Bro Breakdown: The 'Bachelorette' Contestants

So I’m a 31-year-old man who live-tweets The Bachelor (and starting Monday night, The Bachelorette). This isn’t exactly where I saw my life going. At my age, my parents had a second kid on the way and I’m trying to get a joke about a girl probably having herpes to under 140 characters. Life isn’t perfect, but The Bachelor (and The Bachelorette) is a perfect show. A group of people of the same sex try to get the attention of one person of the opposite sex. The struggle to get noticed, keep someone’s attention, invite them to your fantasy suite, and dump them the next morning is way more relatable to our own dating lives than we’d all like to admit.
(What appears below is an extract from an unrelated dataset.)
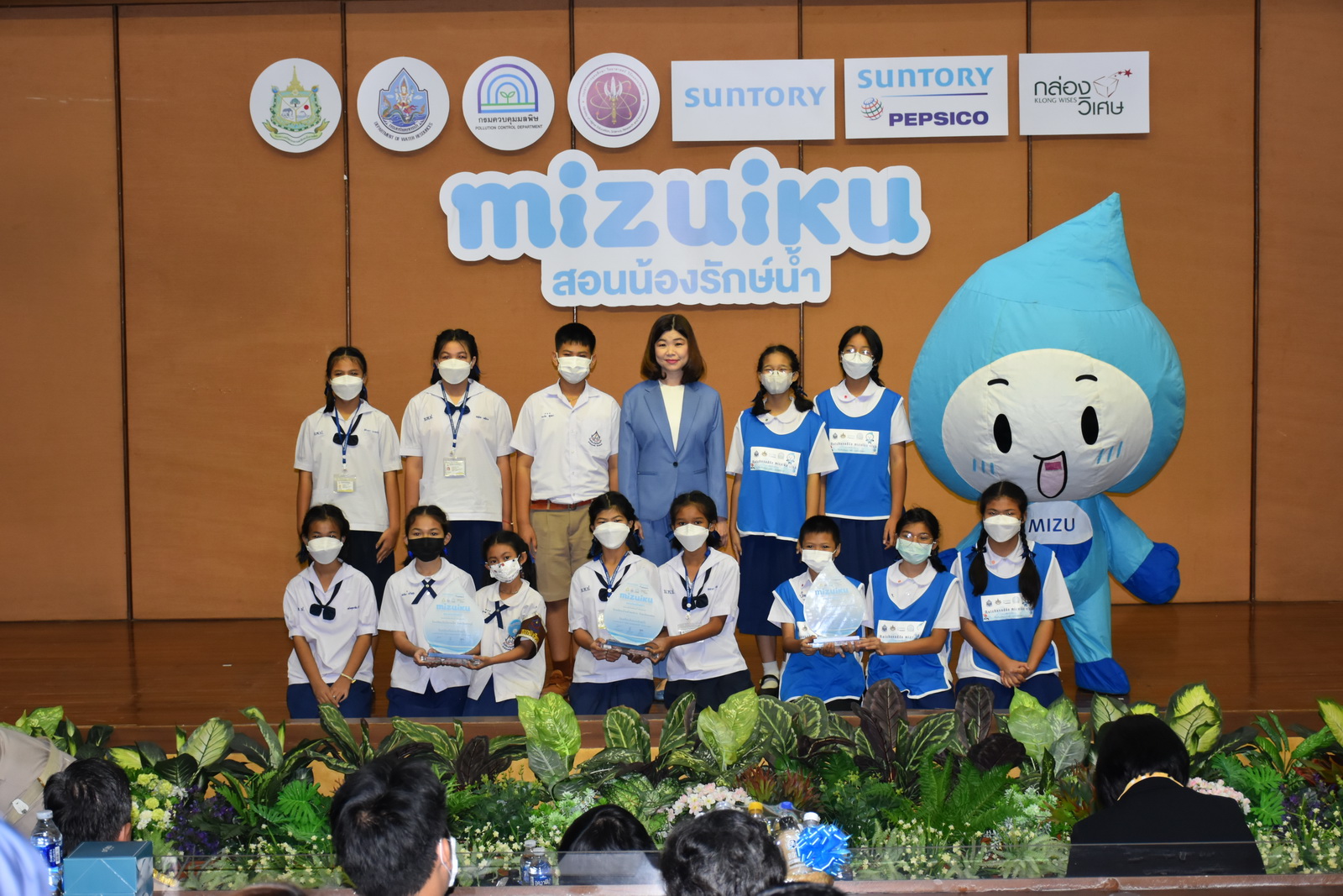 วันที่ 23 มกราคม 2566 นายภาดล ถาวรกฤชรัตน์ อธิบดีกรมทรัพยากรน้ำ พร้อมด้วย นายวรวิทย์ ชัยวิมลกุล ผู้อำนวยการกองอนุรักษ์ทรัพยากรน้ำ (กอน.) นางสาวสุจิตรา รัตนวงศ์ ผู้อำนวยการส่วนส่งเสริมและประสานมวลชน กอน. คณะเจ้าหน้าที่ที่เกี่ยวข้องจากกรมทรัพยากรน้ำ กรมควบคุมมลพิษ และกระทรวงการอุดมศึกษา วิทยาศาสตร์ วิจัยและนวัตกรรม ร่วมกับ บริษัท ซันโทรี่ เป๊บซี่โค เบเวอเรจ (ประเทศไทย) จำกัด จัดพิธีมอบรางวัลโครงการ “มิซุอิกุ : สอนน้องรักษ์น้ำ” ประจำปี 2565 ณ ห้องประชุมศักดิ์สิทธิ์ ตรีเดช อาคารกรมควบคุมมลพิษ

It’s no wonder the franchise is in fact, a franchise (20 seasons with spinoffs et al). So consider this your Bachelorette preview and follow me on Twitter for live tweets every episode. Please remember, I’m just a straight guy who watches on the couch with his brother and these are all snap judgements based on how I’d act in a similar situation. And especially for this preview, all I have is a picture and a one-line description (except for JoJo). I know nothing and everything all at once. Let's begin:


At the end of The Bachelor it was leaked that Caila would be the next Bachelorette. Women of America and I flipped out. Caila was just too fake. I know that sounds ridiculous when it comes to a reality show. But people loved JoJo for the same reason they love Khloé Kardashian and Lord Disick: she was a little bit real. She didn’t fall too fast for Ben. She seemed to talk like a real person. She had the perfect breasts. For whatever reason, she was someone we all felt like we could hang with on a week-to-week basis while talking shit about the friend who wasn’t at the party. This is why there’s some buzz for this season. We feel like the bullshit will be called.